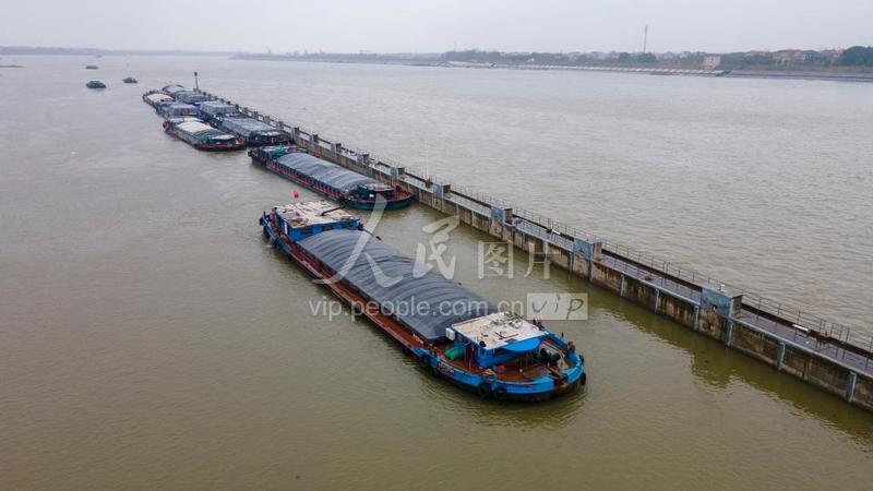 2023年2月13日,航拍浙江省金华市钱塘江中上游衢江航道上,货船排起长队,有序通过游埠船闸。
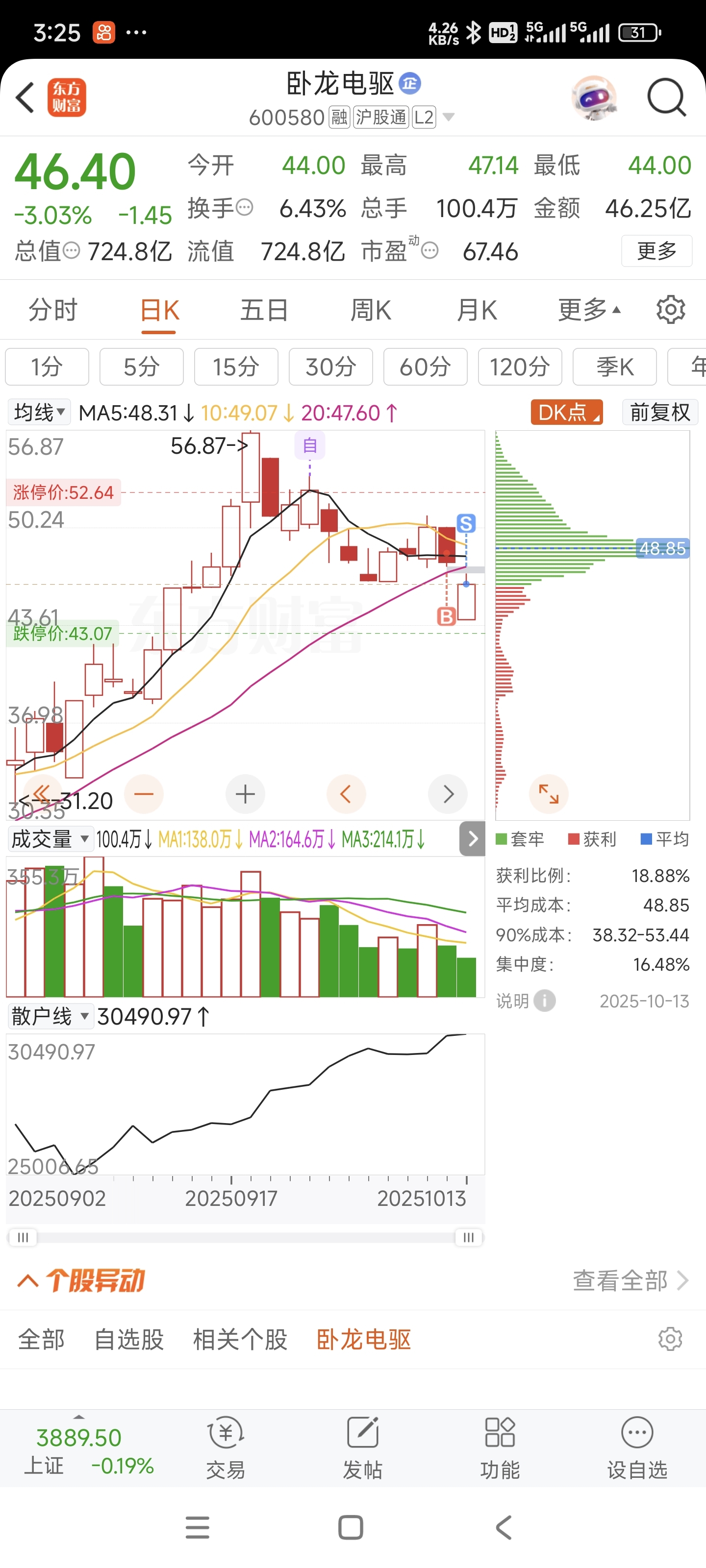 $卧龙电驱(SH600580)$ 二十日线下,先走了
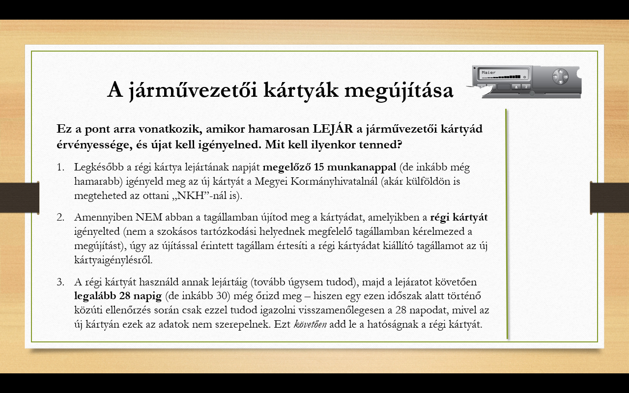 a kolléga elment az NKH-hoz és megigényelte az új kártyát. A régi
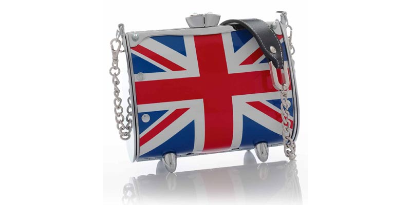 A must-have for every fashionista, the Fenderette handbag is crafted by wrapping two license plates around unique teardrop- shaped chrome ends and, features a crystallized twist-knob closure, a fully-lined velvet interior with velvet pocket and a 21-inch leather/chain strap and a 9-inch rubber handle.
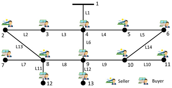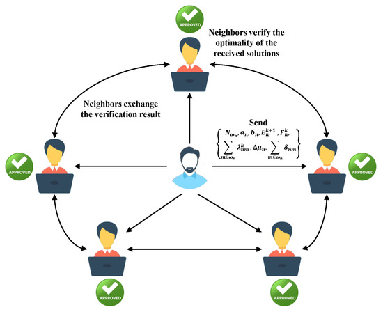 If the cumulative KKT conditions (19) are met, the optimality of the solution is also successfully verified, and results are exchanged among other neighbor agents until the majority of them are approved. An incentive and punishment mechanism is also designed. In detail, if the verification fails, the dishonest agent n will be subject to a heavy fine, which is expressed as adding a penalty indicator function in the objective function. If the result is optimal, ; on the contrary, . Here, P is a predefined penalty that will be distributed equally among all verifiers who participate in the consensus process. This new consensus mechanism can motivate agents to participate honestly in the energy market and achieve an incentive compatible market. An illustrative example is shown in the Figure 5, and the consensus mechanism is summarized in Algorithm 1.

• Assignment
Please output the entire listing above verbatim and omit its images.

• Answer to the exercise
 2023年2月13日,航拍浙江省金华市钱塘江中上游衢江航道上,货船排起长队,有序通过游埠船闸。
 $卧龙电驱(SH600580)$ 二十日线下,先走了
 a kolléga elment az NKH-hoz és megigényelte az új kártyát. A régi
 A must-have for every fashionista, the Fenderette handbag is crafted by wrapping two license plates around unique teardrop- shaped chrome ends and, features a crystallized twist-knob closure, a fully-lined velvet interior with velvet pocket and a 21-inch leather/chain strap and a 9-inch rubber handle.
 If the cumulative KKT conditions (19) are met, the optimality of the solution is also successfully verified, and results are exchanged among other neighbor agents until the majority of them are approved. An incentive and punishment mechanism is also designed. In detail, if the verification fails, the dishonest agent n will be subject to a heavy fine, which is expressed as adding a penalty indicator function in the objective function. If the result is optimal, ; on the contrary, . Here, P is a predefined penalty that will be distributed equally among all verifiers who participate in the consensus process. This new consensus mechanism can motivate agents to participate honestly in the energy market and achieve an incentive compatible market. An illustrative example is shown in the Figure 5, and the consensus mechanism is summarized in Algorithm 1.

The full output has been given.